5

TL (see TL;DR near the end of the question)

I came about this data with pipes as field delimiters (|) and backslash-quote pairs as quotes (\") to fields with delimiters in the data, such as:

1|\"2\"|\"3.1|3.2\"|4  # basically 1, 2, 3.1|3.2, 4

that is (in awk):

$1==1
$2==\"2\"
$3==\"3.1|3.2\"
$4==4

I decided to try and use GNU awk's FPAT to solve the field issue since writing a negative match regex to \" didn't seem that bad.

I came about this answer to Regular expression to match a line that doesn't contain a word with a link to (an offsite link) an online generator of negative regular expressions given an input phrase.
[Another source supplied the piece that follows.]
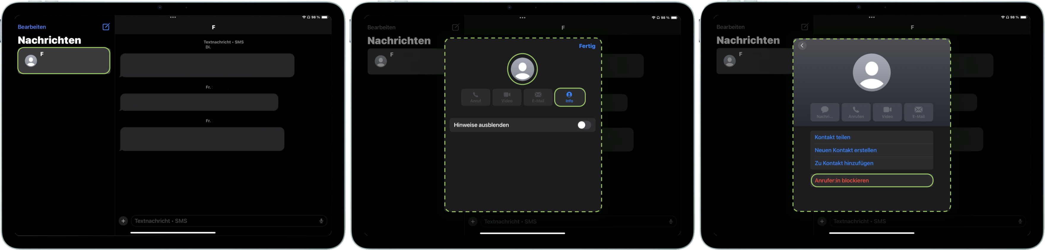 Auch auf dem iPad hebst du die Blockierung einzelner Kontakte auf demselben Weg auf.

As the generator supports only alphanumeric and space characters currently, \" (backslash-quote) was replaced with bq and the generator provided regex:

^([^b]|b+[^bq])*b*$ 

| was replaced with a p and the data above replaced with:

1pbq2bqpbq3.1p3.2bqp4
1|\"2\"|\"3.1|3.2\"|4  # original for comparision

Sample FPAT from GNU awk documentation (FPAT="([^,]*)|(\"[^\"]+\")") was used to generate an FPAT:

FPAT="([^p]*)|(bq([^b]|b+[^bq])*b*bq)"

and a trial was done:

$ gawk 'BEGIN {
    FPAT="([^p]*)|(bq([^b]|b+[^bq])*b*bq)"
    OFS=ORS
}
{
    print $1,$2,$3,$4
}' data

which output:

1
bq2bq
bq3.1p3.2bq
4

which is right. Replacing pqs with |"s in the program produced:

$ gawk 'BEGIN {
    FPAT="([^|]*)|(b\"([^b]|b+[^b\"])*b*b\")"
    OFS=ORS
}
{
    print $1,$2,$3,$4
}' data

outputs:

1
b"2b"
b"3.1|3.2b"
4

which is still right. However, when replacing bs with \s and adding some escaping, resulted in:

(TL;DR how to fix escaping in below script)

$ gawk 'BEGIN {
    FPAT="([^|]*)|(\\\"([^\\]|\\+[^\\\"])*\\*\\\")"
    OFS=ORS
} 
{
    print $1,$2,$3,$4
}' data

and output fails or differs from the previous:

1
\"2\"
\"3.1
3.2\"

so there is probably something wrong with my \\s but after too many try and errs my head is filled with backslashes and all thoughts pretty much escaped (pun intended). And as the community is all about sharing, I thought to share my headache with you guys.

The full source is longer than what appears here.